The required approach: stable intent, adaptive execution
The required approach is a form of managed disequilibrium: holding intent stable while allowing execution to adapt continuously. What the evidence supports is neither comprehensive planning before deployment nor broad deployment without design. It is a specific architecture of intent and adaptation.
The elements that must be held stable are the ones that do not require deployment experience to define. Strategic intent, meaning the domains in which AI should generate value and the performance standards it must meet, can and should be defined before deployment begins. Governance architecture (the decision rights, risk thresholds and accountability frameworks set out in Speed by design: Governance and the architecture of AI transformation) must be established before material operational exposure is committed. Organisational learning ownership (the internal responsibility for making sense of deployment experience) must sit with the enterprise, not with vendors or partners.
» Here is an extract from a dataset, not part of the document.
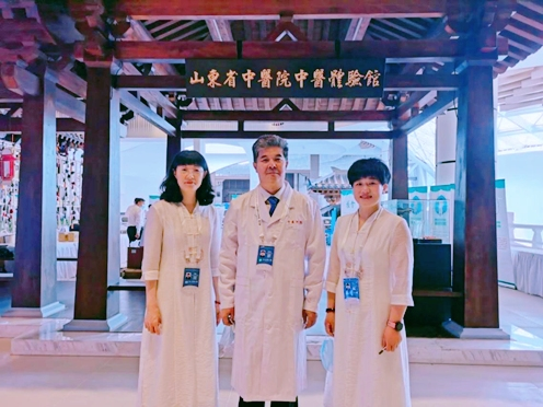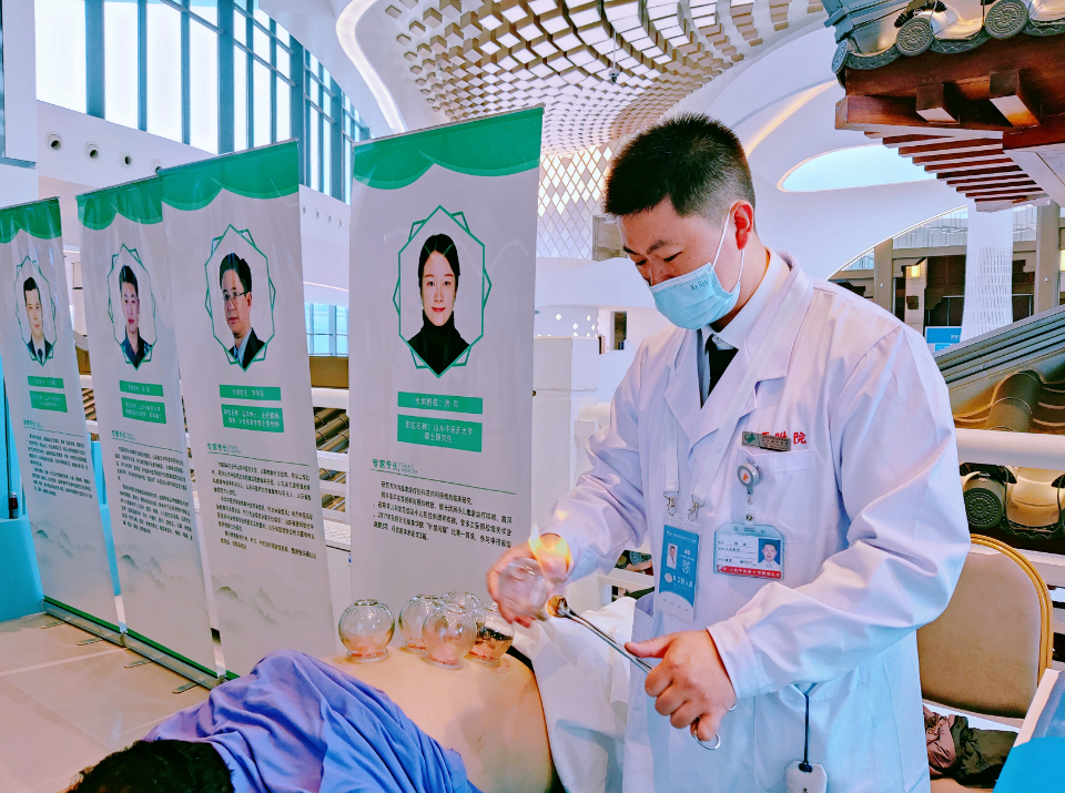山东省中医院外治团队由杨继国教授、鲁士友副主任医师、郝明耀主治医师组成,经过精心的准备,给来自全球的嘉宾展现了中医外治法的“简便”和“效验”,现场展示脐疗、督灸、药物罐、耳穴压豆、全息诊疗等经过几代省中医人开拓创新的中医外治技术。

The elements that must be allowed to evolve are the ones that cannot be defined without deployment experience. The specific operating model (how work is divided between humans and AI systems, how processes are redesigned, how oversight is structured) will be shaped by what deployment reveals. Workflow design will change. The human-AI division of labour will shift as capability and confidence develop. The scale and sequencing of further deployment will be determined by what is actually learned, not by what was projected.
This is the difference between what Amazon distinguishes as one-way and two-way doors: decisions that are difficult or impossible to reverse, and decisions that can be revisited as understanding improves.7 The former require rigour before commitment. The latter should be made quickly, at the right level, with explicit learning logic built in.
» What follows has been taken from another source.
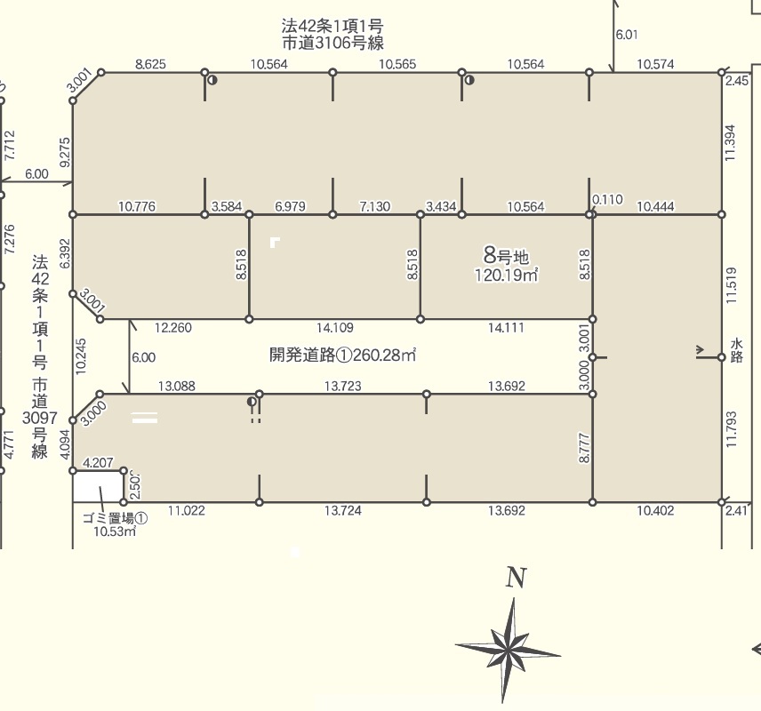 | 土地面積 | 120.19m² 公簿 (私道260.28m²別に有、私道持分比率:1/8、ゴミ置場10.53平米 持分13分の1) | ||

Henry Mintzberg's distinction between deliberate and emergent strategy, first articulated in 1985, is directly applicable here. Effective strategy, Mintzberg argued, is neither fully planned nor fully improvised. It holds intent stable while allowing execution to adapt continuously to what the environment reveals.8 For agentic AI transformation, that insight is not an academic observation. It is the practical design principle.
What this looks like in practice
Five disciplines separate the four per cent of organisations scaling AI effectively from the majority deploying it without material impact.
- Define intent at enterprise level, before deployment begins. This is not a capability inventory or a use case map. It is a clear statement of the performance standards AI must meet, the domains in which it should generate value, and the governance boundaries within which deployment can proceed. JPMorgan Chase established this architecture (a top-down mandate, proprietary data infrastructure and a managed portfolio of governed use cases) before scaling AI across 60,000 employees. The result included a 95 per cent reduction in anti-money laundering false positives and a projected $2 billion in AI-generated value.9 The return was not despite the architecture. It was because of it.
- Deploy initially in high-value, bounded domains. The purpose is not minimum viable product thinking — it is structured exposure to real operating conditions. It is that bounded deployment generates the specific learning that enterprise-level operating model design requires: what the technology actually does in context, where human oversight is essential, and what workflow redesign is needed to realise value. Investec's initial AI deployment focused on a specific, high-stakes operational domain (regulatory document processing) with defined performance criteria and explicit progression conditions. The learning that deployment generated informed subsequent operating model decisions across the business.10
- Instrument learning by design. Learning from AI deployment does not accumulate automatically. Organisations must build the measurement and feedback infrastructure to capture it: performance against defined criteria, workflow redesign experience, human override patterns and edge-case failures. Without instrumentation, learning is anecdotal. With it, deployment experience becomes the design input for the next operating model decision. This is the mechanism through which governance architecture stays current with operational reality.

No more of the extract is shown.